*Task goal*: Write the listing out again word for word, leaving each picture behind.

*Available data*:
___

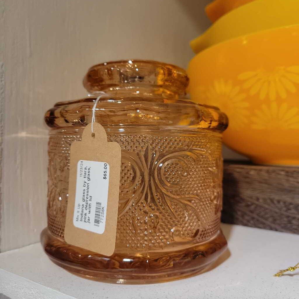 Indiana glass by tiara, pink depression glass, jar with lid
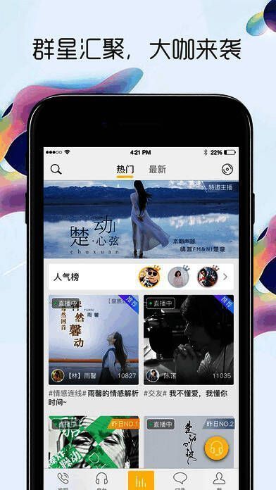 超轻松有内容的声音直播!24小时不间断,与偶像主播零距离连麦对话。声音的魅力,此刻尽显;
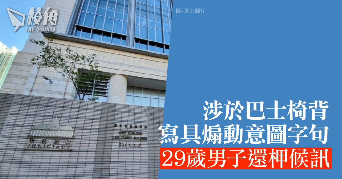 國安處周二(25日)起訴一名男子,涉嫌在3月至4月期間,持續在不同的公共巴士乘客座位椅背上寫上具煽動意圖的字句,內容包括煽動他人引起對中央及香港特區政府憎恨,被控3項「出於煽動意圖作出一項或多項具煽動意圖的作為」罪及2項「摧毀或損壞財產」罪。案件同日於西九龍裁判法院首次提堂,控方反對被告保釋。國安法指定法官蘇惠德將押後案件至8月22日再訊,被告還押候訊。
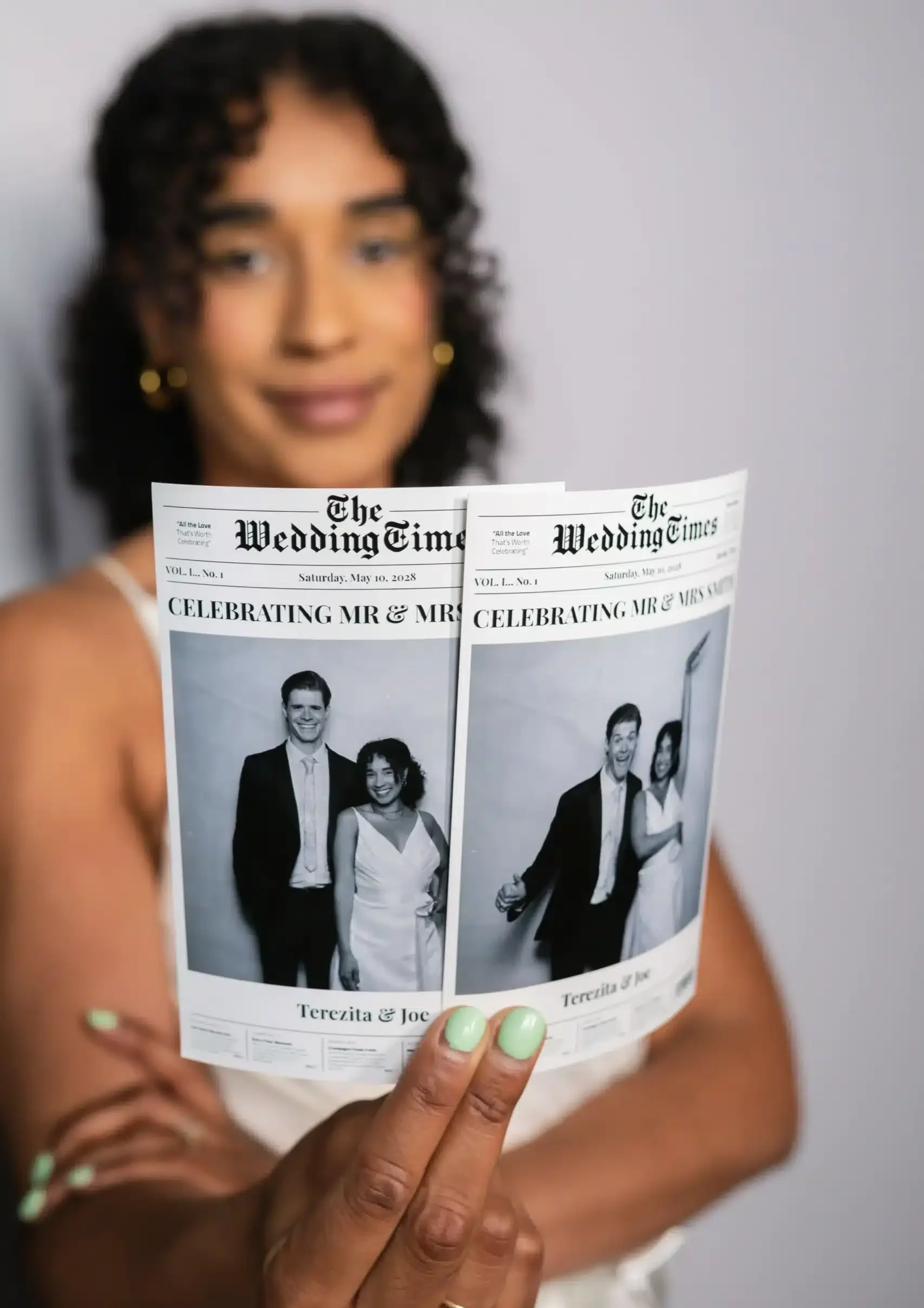 Transform your event with unique, newspaper-style portraits featuring personalized headlines and layouts. Perfect for weddings, corporate events, and parties, this experience adds a creative, nostalgic, and highly shareable twist that guests instantly connect with. Each portrait feels like a custom front-page feature, giving everyone their own spotlight moment that’s fun, memorable, and impossible to resist posting.

___

*Result for this task*:
 Indiana glass by tiara, pink depression glass, jar with lid
 超轻松有内容的声音直播!24小时不间断,与偶像主播零距离连麦对话。声音的魅力,此刻尽显;
 國安處周二(25日)起訴一名男子,涉嫌在3月至4月期間,持續在不同的公共巴士乘客座位椅背上寫上具煽動意圖的字句,內容包括煽動他人引起對中央及香港特區政府憎恨,被控3項「出於煽動意圖作出一項或多項具煽動意圖的作為」罪及2項「摧毀或損壞財產」罪。案件同日於西九龍裁判法院首次提堂,控方反對被告保釋。國安法指定法官蘇惠德將押後案件至8月22日再訊,被告還押候訊。
 Transform your event with unique, newspaper-style portraits featuring personalized headlines and layouts. Perfect for weddings, corporate events, and parties, this experience adds a creative, nostalgic, and highly shareable twist that guests instantly connect with. Each portrait feels like a custom front-page feature, giving everyone their own spotlight moment that’s fun, memorable, and impossible to resist posting.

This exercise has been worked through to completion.